We pushed on further along the coast, and then a little inland, along moderately busy roads in the summer heat. Another pause to consult the map in pretty East Linton resulted in that rare event of missing out on an open cafe! But Dunbar was not much further, and there we found a lovely pub with an outdoor terrace, overlooking the harbour. It’s menu offered a range of versions of that Scottish staple macaroni cheese, and we all tried one, with a side of chips for an extra pound!

Dunbar

Dunbar seemed to be really a rather nice town to me. It’s high street was a prosperous looking affair, decked out with bunting. It was all very cheerful. After that, it started to get hilly. We followed Sustrans national cycle route 76 and stayed as far from the A1 and the traffic as possible. It worked pretty well, keeping us close to the sea and the sandstone cliffs, separated by golden fields full of hay bales.

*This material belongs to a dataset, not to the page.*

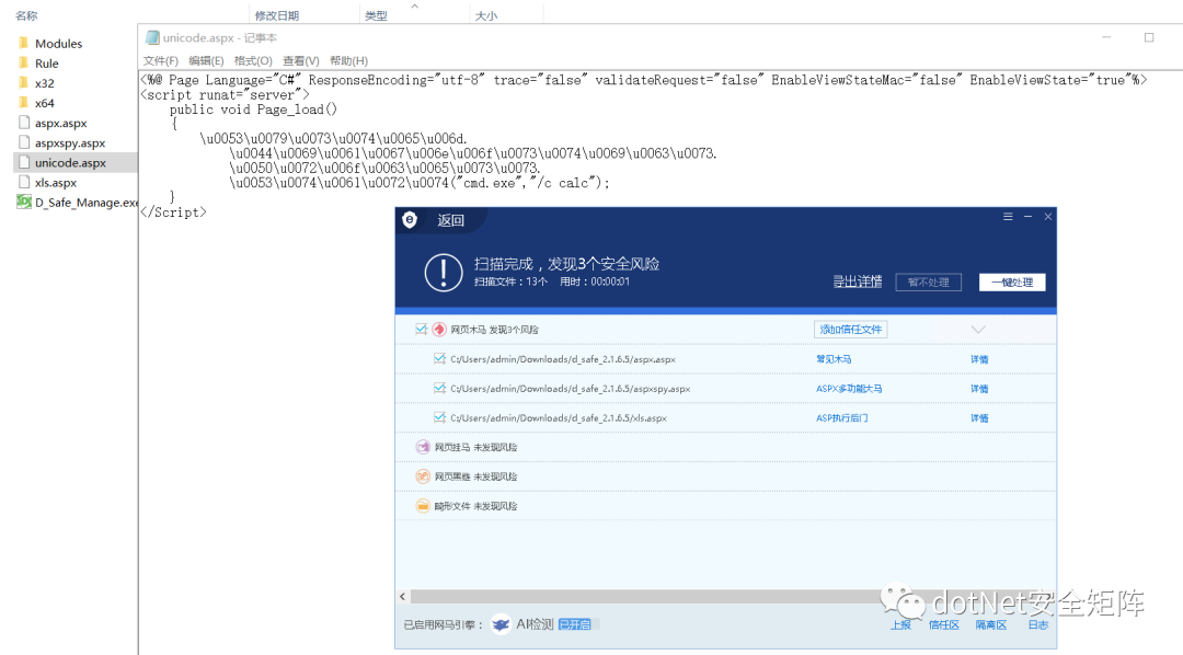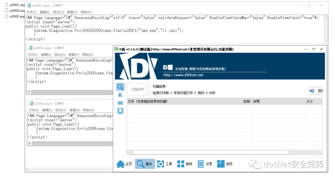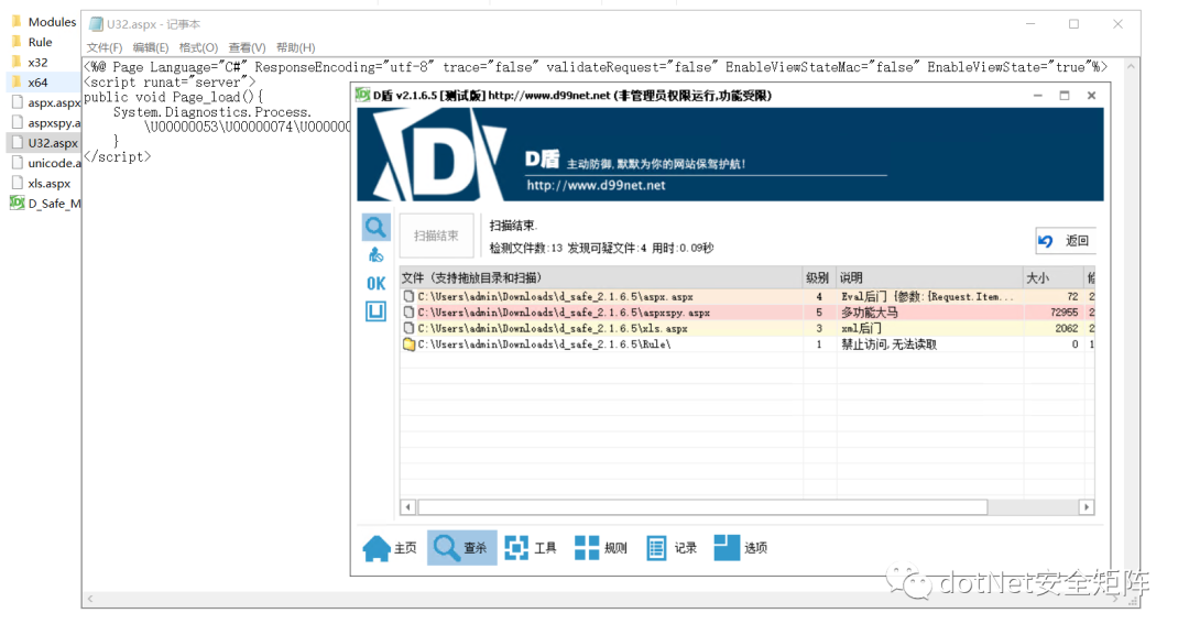 分别用安全狗和D盾测试免杀效果,同目录下还有另外3个文件,aspx.aspx 是经典Jscript一句话木马,aspxspy.aspx 看文件名就知道是经典大马,xls.aspx 是基于xml文档实现的小马,对比被杀的3个Webshell,Unicode编码后的webshell免杀效果非常理想,如下图unicode.aspx

At one point we were sent plunging down into a deep cove and through an unexpected ford by a caravan site. I crossed it several times, as is the tradition, and made sure we had it in a photo. Then we had a really long and steep climb up the other side, that turned into a less steep but even longer climb in the heat. But we made it.

Pease Bay ford

And after not too many more miles we found ourselves descending into the fishing port of Eyemouth, the end of my ninth coast to coast crossing. The streetlights of the town were all adorned with large banners, each one bearing the photograph of the Eyemouth Herring Queen from a different year, going right back to the 1940s. They came in no particular order, and there were loads of them. It was quite a sight!

Herring Queens

Eyemouth has a large enclosed harbour with a sandy beach and high walls from which the kids were leaping into the deep water far below. I wasn’t sure I could have done it. It was at least the height of a medium olympic diving board. We had tea and cake and then noticed the time and hurried away to ride the final hour, on small undulating lanes, to Berwick-upon-Tweed and our respective trains south (Jenni) and back to Edinburgh (Paul and I). We made it with relative comfort, helped by a delay of 8 minutes to our train, which gave us plenty of time to transfer panniers back to Jenni and buy food and drink from the machines for her long journey. Then we said our goodbyes and our trains whisked us away.

Eyemouth

One other item of significance: a few miles short of Berwick, and before we left map 67, we reached the England – Scotland border. That felt like a milestone in my journey, approximately a third of the way there in maps; but, for the first time, albeit briefly, leaving Scotland. In fact we spent a couple of miles riding right along the border on a narrow lane, where one hedge was in Scotland and the wall opposite was in England. And we were in neither, or both. It all looked the same.